Abstract or Keywords
•Rats received 1.0, 2.0, or 4.0 mg/kg/day of fluoxetine (FLX) during adolescence.•Rats were trained on a serial multiple choice (SMC) task in adulthood.•Adolescent FLX differentially impaired acquisition of serial pattern element types.•FLX impaired stimulus-response and multiple-cue learning but not rule-learning.•Adolescent exposure to FLX impaired some aspects of adult cognition in rats.

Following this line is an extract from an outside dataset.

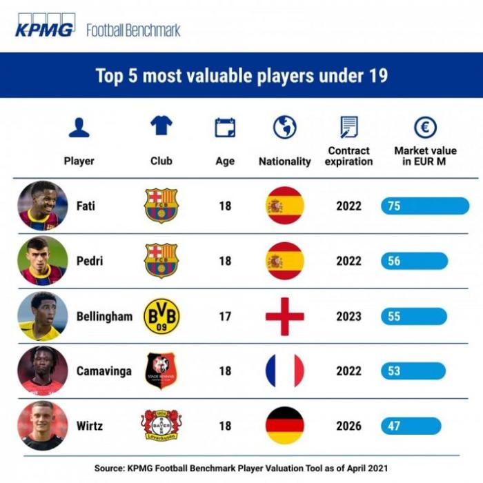 来源:24直播网05-19 10:4724直播网讯 全球知名审计机构毕马威近日更新了足坛19岁以下球员身价排名,法蒂7500万欧元居首,佩德里5600万欧元第二,贝林厄姆5500万欧元第三。
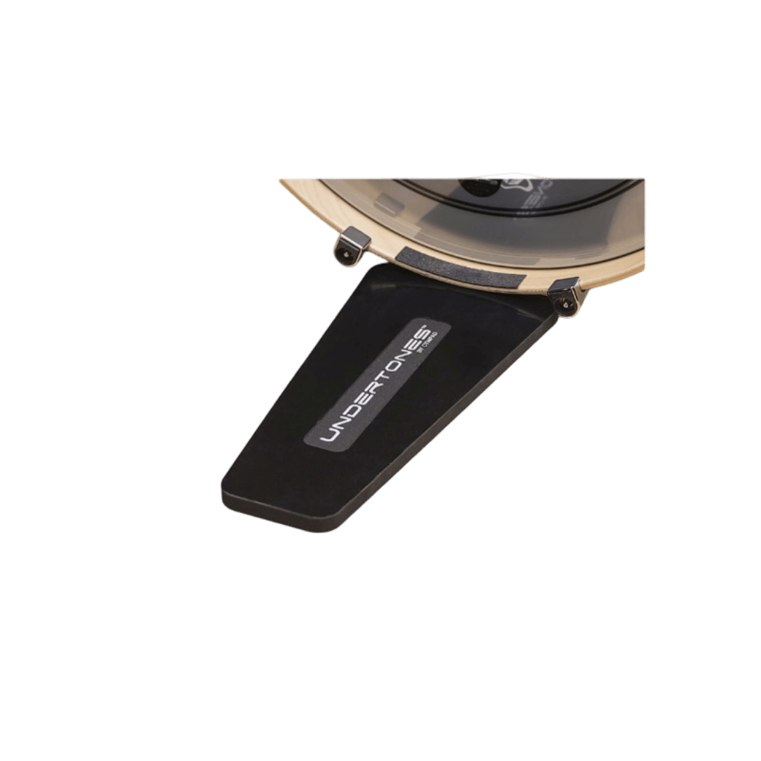 The Undertones system features specially-designed discs tailored for floor tom legs and bass drum spurs, alongside a pad compatible with both acoustic and electronic bass drum and hi-hat pedals. These components work together to de-couple and isolate drums from the floor, significantly boosting sustain and enriching low-end tones.

The effects of chronic adolescent fluoxetine (FLX, Prozac®) exposure on adult cognition are largely unknown. We used a serial multiple choice (SMC) task to characterize the effects of adolescent FLX exposure on rat serial pattern learning in adulthood. Male rats were exposed to either 1.0, 2.0, or 4.0 mg/kg/day FLX for five consecutive days each week for five weeks during adolescence, followed by a 35-day drug-free period. As adults, the rats were trained in a task that required them to learn a highly structured sequential pattern of responses in an octagonal chamber for water reinforcement. In a transfer phase, the terminal element of the pattern was replaced by a violation element that was inconsistent with previously learned pattern structure. Results indicated that adolescent FLX exposure caused differential learning deficits for different types of elements in the serial pattern. Adolescent exposure to 1.0 or 4.0 mg/kg/day FLX, but not 2.0 mg/kg/day FLX, impaired chunk-boundary element learning, which is known to be mediated by stimulus-response (S-R) learning. All three doses of FLX impaired violation element learning, which is known to be mediated by multiple-cue learning. FLX did not impair within-chunk element learning, which is known to be mediated by rule-learning mechanisms. The results indicate that adolescent FLX exposure produced multiple cognitive impairments that were detectable in adulthood long after drug exposure ended.